◆ Action item ◆
With the material below, print exactly the lines between the line holding "院长徐斌回顾了2024届毕业" and the line holding "Oreca-Prototyp, Rebellion R-13", inclusive. Add nothing else.

◆ Extracted records ◆
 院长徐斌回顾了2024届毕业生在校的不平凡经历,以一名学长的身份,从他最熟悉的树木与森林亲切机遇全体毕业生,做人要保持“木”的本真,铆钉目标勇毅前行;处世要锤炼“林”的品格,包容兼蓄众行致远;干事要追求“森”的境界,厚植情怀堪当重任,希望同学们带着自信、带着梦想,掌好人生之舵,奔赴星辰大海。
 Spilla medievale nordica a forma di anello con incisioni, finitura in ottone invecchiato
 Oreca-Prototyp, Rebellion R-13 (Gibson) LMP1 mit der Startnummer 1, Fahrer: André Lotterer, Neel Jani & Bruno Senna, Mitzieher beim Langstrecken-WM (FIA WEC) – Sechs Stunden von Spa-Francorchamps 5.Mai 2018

==

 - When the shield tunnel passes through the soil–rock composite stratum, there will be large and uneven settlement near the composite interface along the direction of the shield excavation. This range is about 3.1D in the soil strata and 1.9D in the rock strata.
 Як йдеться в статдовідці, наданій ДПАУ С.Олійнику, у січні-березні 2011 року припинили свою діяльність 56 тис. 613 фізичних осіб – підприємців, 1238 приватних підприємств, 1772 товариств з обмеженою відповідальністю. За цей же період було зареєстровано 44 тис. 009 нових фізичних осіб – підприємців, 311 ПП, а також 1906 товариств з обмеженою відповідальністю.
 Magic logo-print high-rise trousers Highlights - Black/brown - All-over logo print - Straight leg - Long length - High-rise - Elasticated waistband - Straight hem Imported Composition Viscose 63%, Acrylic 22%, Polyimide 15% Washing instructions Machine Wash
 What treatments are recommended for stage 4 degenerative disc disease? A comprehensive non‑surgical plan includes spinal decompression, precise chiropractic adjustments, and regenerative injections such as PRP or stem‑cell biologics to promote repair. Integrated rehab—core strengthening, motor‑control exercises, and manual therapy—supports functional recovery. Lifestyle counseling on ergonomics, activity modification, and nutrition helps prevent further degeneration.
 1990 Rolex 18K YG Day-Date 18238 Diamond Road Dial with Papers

◆ Answer to this exercise ◆
 院长徐斌回顾了2024届毕业生在校的不平凡经历,以一名学长的身份,从他最熟悉的树木与森林亲切机遇全体毕业生,做人要保持“木”的本真,铆钉目标勇毅前行;处世要锤炼“林”的品格,包容兼蓄众行致远;干事要追求“森”的境界,厚植情怀堪当重任,希望同学们带着自信、带着梦想,掌好人生之舵,奔赴星辰大海。
 Spilla medievale nordica a forma di anello con incisioni, finitura in ottone invecchiato
 Oreca-Prototyp, Rebellion R-13 (Gibson) LMP1 mit der Startnummer 1, Fahrer: André Lotterer, Neel Jani & Bruno Senna, Mitzieher beim Langstrecken-WM (FIA WEC) – Sechs Stunden von Spa-Francorchamps 5.Mai 2018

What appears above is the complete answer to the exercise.